As per project background information:
In the experiment simulated by the data, an advertising promotion was tested to see if it would bring more customers to purchase a specific product priced at $10. Since it costs the company 0.15 to send out each promotion, it would be best to limit that promotion only to those that are most receptive to the promotion. Each data point includes one column indicating whether or not an individual was sent a promotion for the product, and one column indicating whether or not that individual eventually purchased that product.

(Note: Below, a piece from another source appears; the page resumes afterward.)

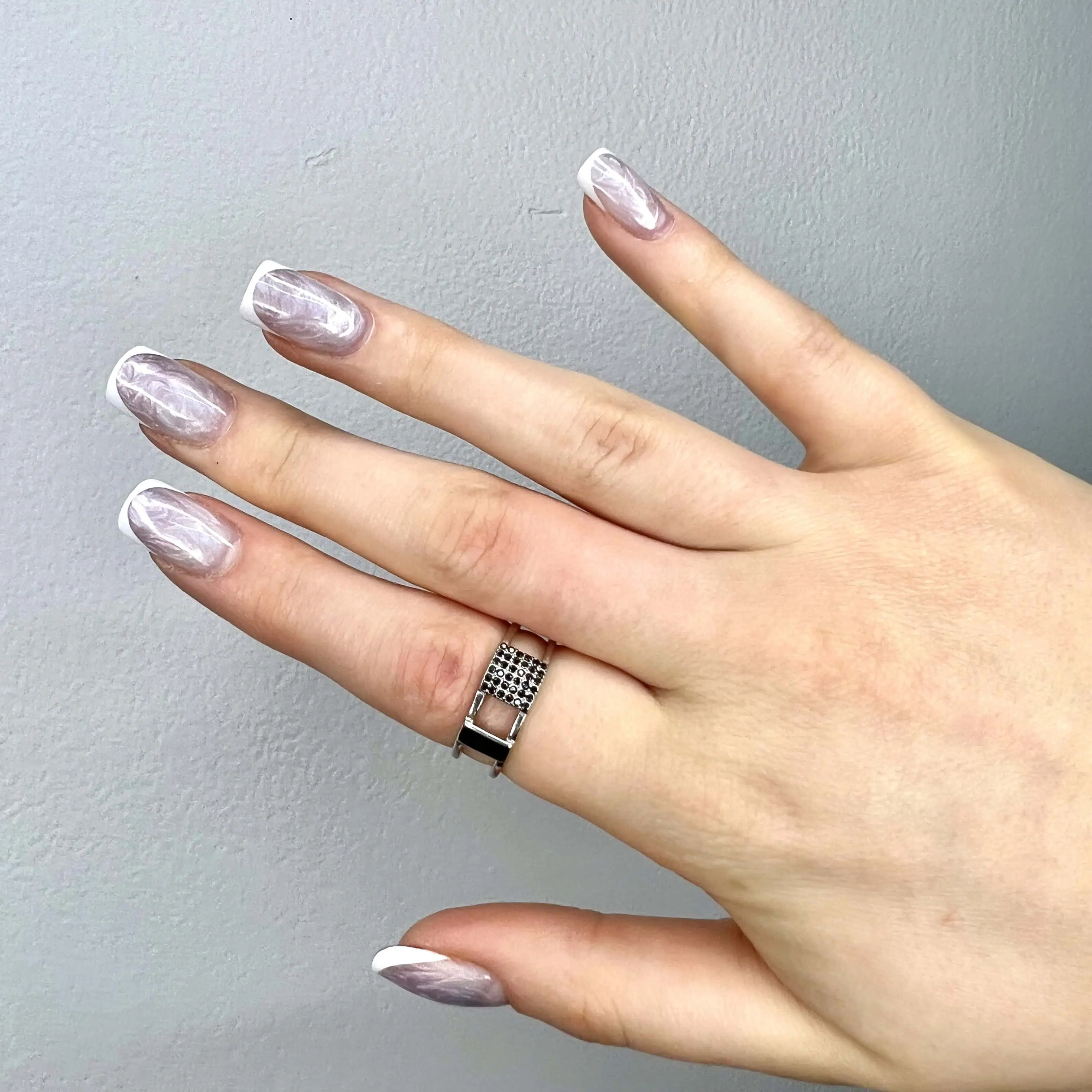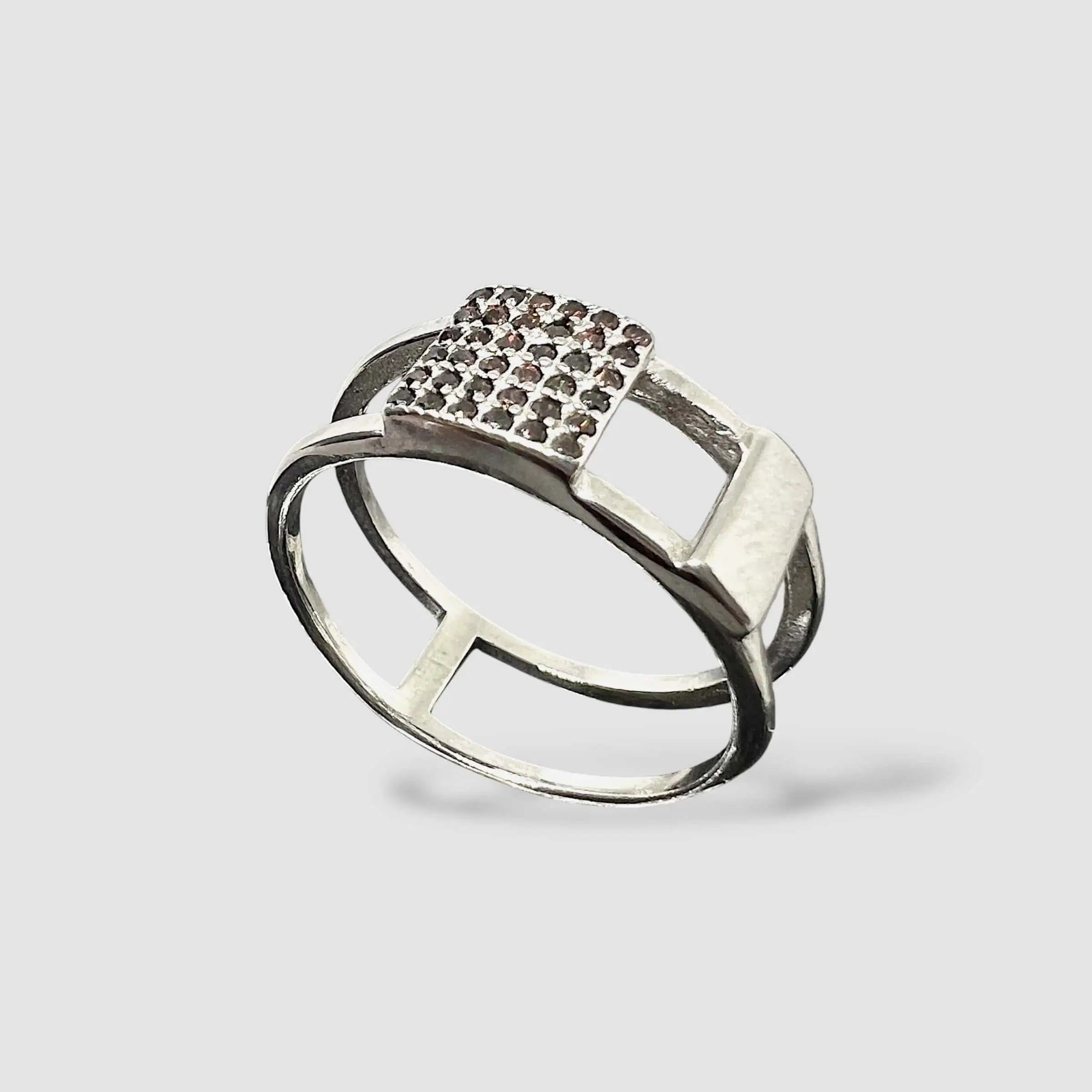 Стильна срібна каблучка 925 проби, виконана у сучасному архітектурному стилі. Подвійна тонка шинка з’єднується центральним квадратним елементом, створюючи ефект легкості та простору на пальці.

Each individual also has seven additional features associated with them, which are provided abstractly as V1-V7.
The project prompt was to maximize Incremental Response Rate and Net Incremental Revenue. The optimization strategy is then evaluated against test data and a benchmark model.
I used the training data to build a model to classify users as either "Yes" or "No" to whether they should receive the promotion. Due to imbalanced classes, I upsampled the minority class. After trying out different algorithms (not captured in analysis displayed), I chose the Gradient Boosting Classifier due to performance that did 2x as well as the benchmark model in terms of Net Incremental Revenue.
| File | Description |
|---|---|
| Starbucks_PromotionStrategy_Classifier.ipynb | Notebook containing analysis and evaluation |
| training.csv | training data |
| Test.csv | test data that is utilized by the test_results module |
| test_results.py | module used to evaluate optimization strategy against benchmark |
| yellowbrick_visualizer.ipynb | notebook that uses yellowbrick's Classification Visualizers |